We are not an offshore player; we want to keep our focus onshore. We are drilling shallow onshore oil wells. We try to allocate 10% of our budget every year to exploration. The rest goes to development drilling. We sell all the oil locally to the refinery.
We are going to be listed on the London stock exchange on June 26. The idea is that we will have access to better capital markets, which means that we will be able to raise additional capital.

What are Touchstone’s ambitions with regard to HSE?
We are trying to be more environmentally responsible. We are trying do a water-disposal well, where we are taking any of our effluents and, instead of releasing them into the environment, we are trying to dispose them back into the formation. The disposal water comes from the reservoir and it is salt water.
Right now, it is getting released into the environment. Best practices everywhere else in the world would be to dispose of it back into the ground, which is what we are trying to do. It is not within the regulations. We are going above and beyond that. One of our internal objectives is that, by the end of 2019, we will have no produced fluids exposed to the environment. All of our properties will hopefully be targeted to be disposed of.

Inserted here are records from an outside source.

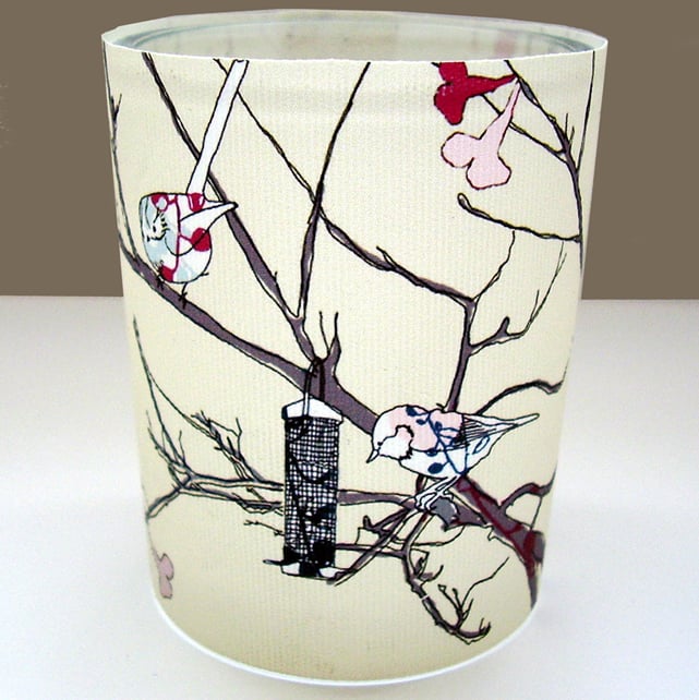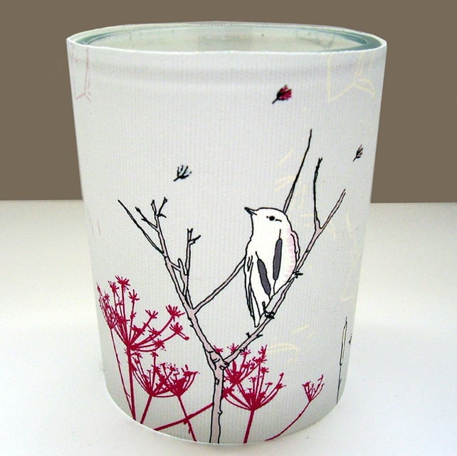 My original littlebirdy designs have been printed onto fire retardant, washable fabric which is then wrapped around a glass tealight holder.
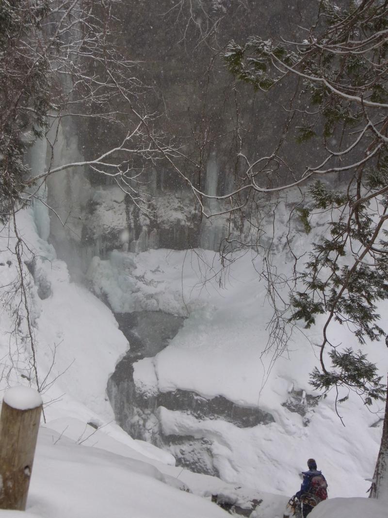 けっこう雪が降っていたのと、スキー場の裏なので目的地までの道標などがキャンプ場まではまったくなく、分岐のたびに地図を見たり、ソリをしたり、コースを外れたりしていたらあっという間に13時近くになり、滝は見ることができるのか?という空気が濃厚になってきた。スマホのGPSで確認するともうすぐ滝のはずだし、水が流れる音がしてきたということで、みんなお腹をすかしていた様子だったが気合いで滝の看板前に到着。
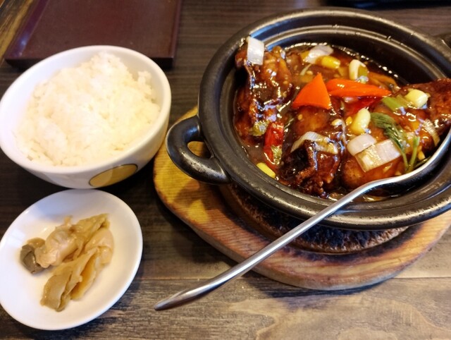 大粒牡蠣の宮保炒め‼️&ご飯&ザーサイ付き
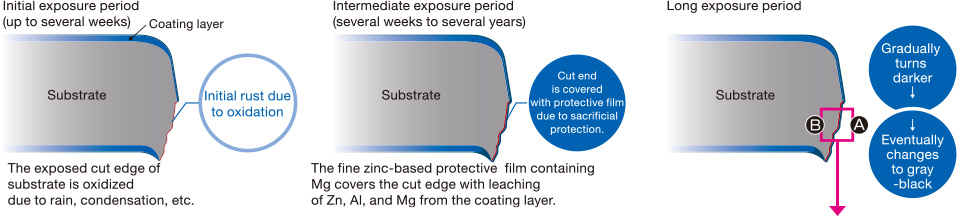 Note: The color and the speed of change in color depend on sheet thicknesses and exposure environments (region, installation location, aspect, etc.).
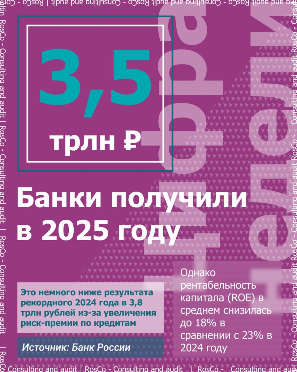 Это немного ниже результата рекордного 2024 года в 3,8 трлн рублей из-за увеличения риск-премии по кредитам. ❗️Однако рентабельность капитала (ROE) в среднем снизилась до 18% в сравнении с 23% в 2024 году. В 2024 г. банки «прыгнули выше головы», активно расходуя капитал, а в 2025 г. рост прибыли был «по средствам», прокомментировал данные директор департамента банковского регулирования и аналитики ЦБ Александр Данилов. 💼 RosCo в Telegram и Max
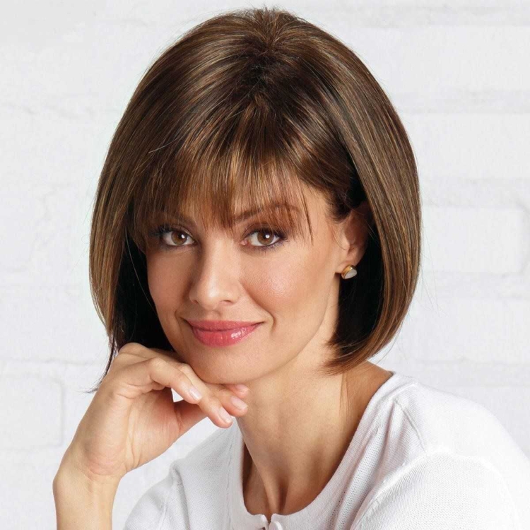Стрижки женские 2022 на средние с челкой для круглого лица после 40
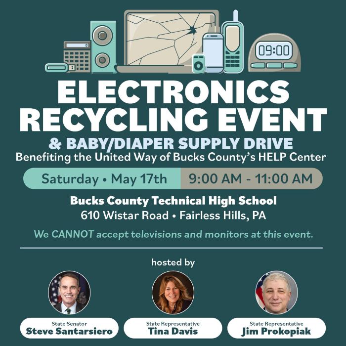 Sen. Steve Santarsiero is partnering with Rep. Tina Davis and Rep. Jim Prokopiak to host an Electronics Recycling & Baby Supplies Drive on Saturday, May 17th. From 9-11am we’ll be at Bucks County Technical High School collecting electronics for recycling.
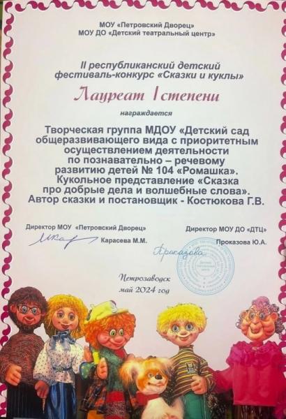Педагоги и дети МДОУ «Детский сад 104» поучаствовали в республиканском детском фестивале-конкурсе «Сказки и куклы» с кукольным представлением «Сказка про добрые дела и волшебные слова» и стали лауреатами I степени. Автором сказки и режиссером-постановщиком является наш старший воспитатель Костюкова Галина Владимировна. Поздравляем всех актеров с результатом и желаем дальнейших побед!
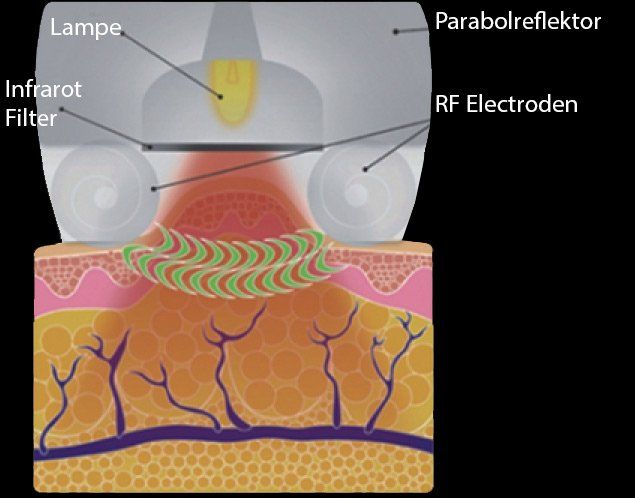 It combines infrared light, bipolar Radio Frequency energy, focused ultrasound, vacuum and mechanical rollers. There is a deep warming of the fat cells, the surrounding connective tissue and the underlying dermal collagen fibers. The treatment attacks the deformed fat cells of cellulite and smoothes them, so unwanted dents disappear. Furthermore, the toning and texture of the skin is strengthened.
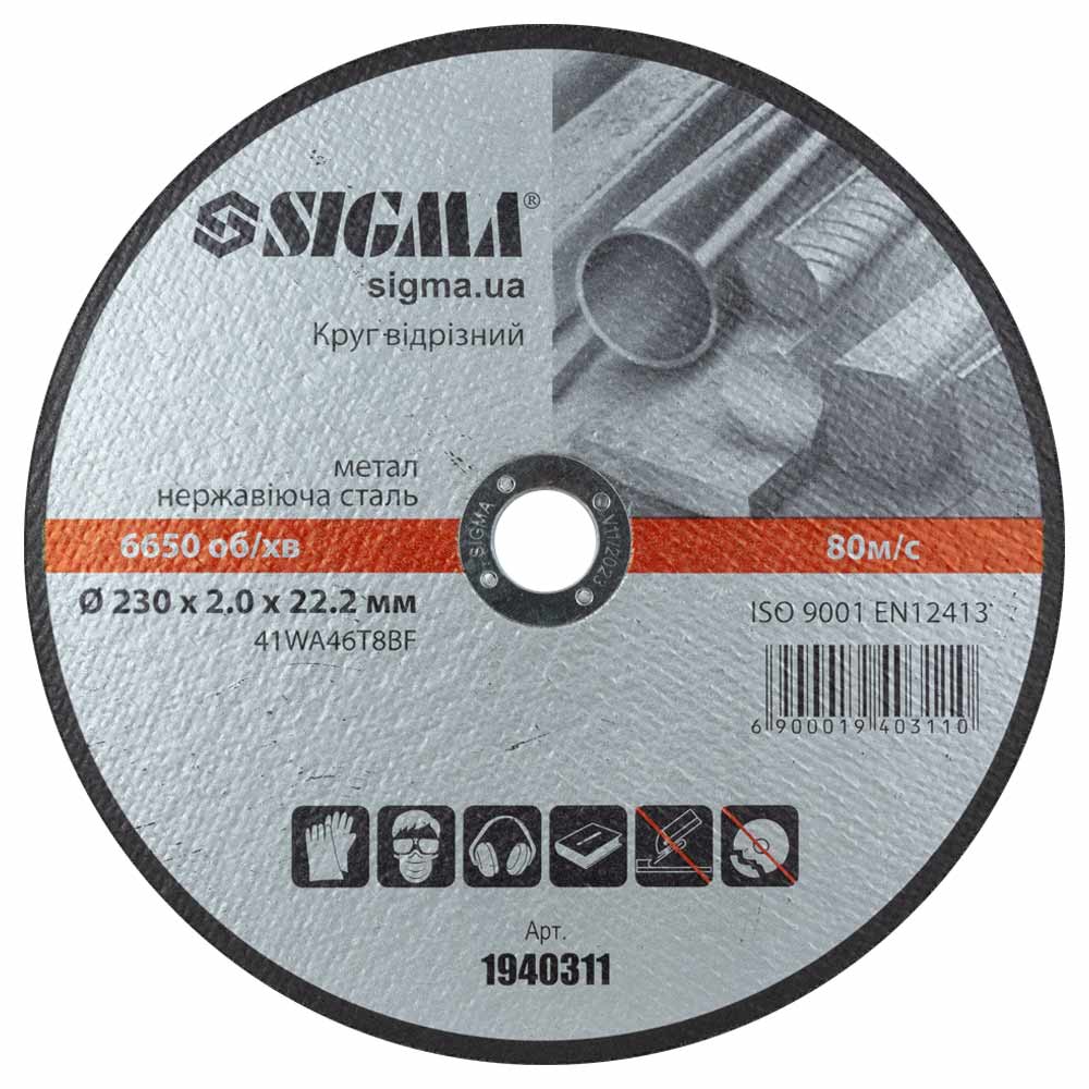 Коло відрізне по металу Ø230x2.0x22.2мм, 6650об/хв Sigma 1940311 призначене для різання виробів з металів та нержавіючої сталі, роботи з кузовною сталлю та іншими аналогічними матеріалами. Робочим інструментом під час роботи відрізного кола є кутова шліфувальна машина (УШМ, "болгарка").

We are trying to stay ahead of the regulations. We would like to be the industry leader in this, but it is frustrating because it is our own money. You do not make any money by doing water disposal. You would think the government would be a little more receptive to it. They are working with us, and it is the first time it has ever been done on the island and it will be a long process to get those regulations done. We have been working on it for two years and have still not received approval. However, we would like to accomplish this over the next 12-18 months.